No project description provided

Project description

DharitrI ETL

ETL (extract, transform and load) tools for publishing DharitrI blockchain data (extracted from a standard DharitrI Elasticsearch instance) on Google BigQuery.

Published data

Mainnet

Setup virtual environment

Create a virtual environment and install the dependencies:

python3 -m venv ./venv
source ./venv/bin/activate

pip install -r ./requirements.txt --upgrade
pip install -r ./requirements-dev.txt --upgrade

Run the tests

export PYTHONPATH=.
pytest -m "not integration"

Quickstart

This implementation copies the data from Elasticsearch in two parallel flows.

One flow copies the append-only indices (e.g. blocks, transactions, logs, receipts, etc.) into a staging BQ dataset. This process is incremental, i.e. it only copies the new data since the last run, and it's executed more often than the second flow (every 1 hour, by default). Once the staging database is loaded, the data is transferred to the main BQ dataset, using the Big Query Data Transfers facility.

The second flow copies the mutable indices (e.g. tokens, accounts, etc.) into a staging BQ dataset. This process is not incremental. Tables are truncated and reloaded on each run. Once the staging database is loaded, the data is transferred to the main BQ dataset, using the Big Query Data Transfers facility. This flow is executed less often than the first flow (every 4 hours, by default).

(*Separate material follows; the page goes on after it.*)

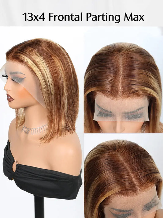Highlight Bob Wig Brown Highlights Straight Hair 13x4 Lace Wigs Human Hair

In order to invoke the two processes, you can either use the Docker setup (see next section) or explicitly invoke the following commands:

# First, set the following environment variables:
export GCP_PROJECT_ID=dharitri-blockchain-etl
export WORKSPACE=${HOME}/dharitri-etl/mainnet

# The first flow (for append-only indices):
python3 -m dharitrietl.app process-append-only-indices --workspace=${WORKSPACE} --sleep-between-iterations=3600

# The second flow (for mutable indices):
python3 -m dharitrietl.app process-mutable-indices --workspace=${WORKSPACE} --sleep-between-iterations=86400

Rewinding

Sometimes, errors occur during the ETL process. For the append-only flow, it's recommended to rewind the BQ tables to the latest checkpoint (good state), and re-run the process only after that. This helps to de-duplicate the data beforehand, through a simple data removal. Otherwise, the full data de-duplication step would be employed (performed automatically, after each bulk of tasks, if the data counts from BQ and Elasticsearch do not match), which is more expensive.

To rewind the BQ tables corresponding to the append-only indices to the latest checkpoint, run the following command:

python3 -m dharitrietl.app rewind --workspace=${WORKSPACE}

If the checkpoint is not available or is assumed to be corrupted, one can find the latest good checkpoint by running the following command:

python3 -m dharitrietl.app find-latest-good-checkpoint --workspace=${WORKSPACE}

Docker setup

Build the Docker image:

docker build --network host -f ./docker/Dockerfile -t dharitri-etl:latest .

Set up the containers:

# mainnet
docker compose --file ./docker/docker-compose.yml \
    --env-file ./docker/env/mainnet.env \
    --project-name dharitri-etl-mainnet up --detach

# devnet
docker compose --file ./docker/docker-compose.yml \
    --env-file ./docker/env/devnet.env \
    --project-name dharitri-etl-devnet up --detach

# testnet
docker compose --file ./docker/docker-compose.yml \
    --env-file ./docker/env/testnet.env \
    --project-name dharitri-etl-testnet up --detach

Generate schema files

Maintainers of this repository should trigger a re-generation of the BigQuery schema files whenever the Elasticsearch schema is updated. This is done by running the following command (make sure to check out drt-go-chain-tools in advance):

python3 -m dharitrietl.app regenerate-schema --input-folder=~/drt-go-chain-tools/elasticreindexer/cmd/indices-creator/config/noKibana/ --output-folder=./schema

The resulting files should be committed to this repository.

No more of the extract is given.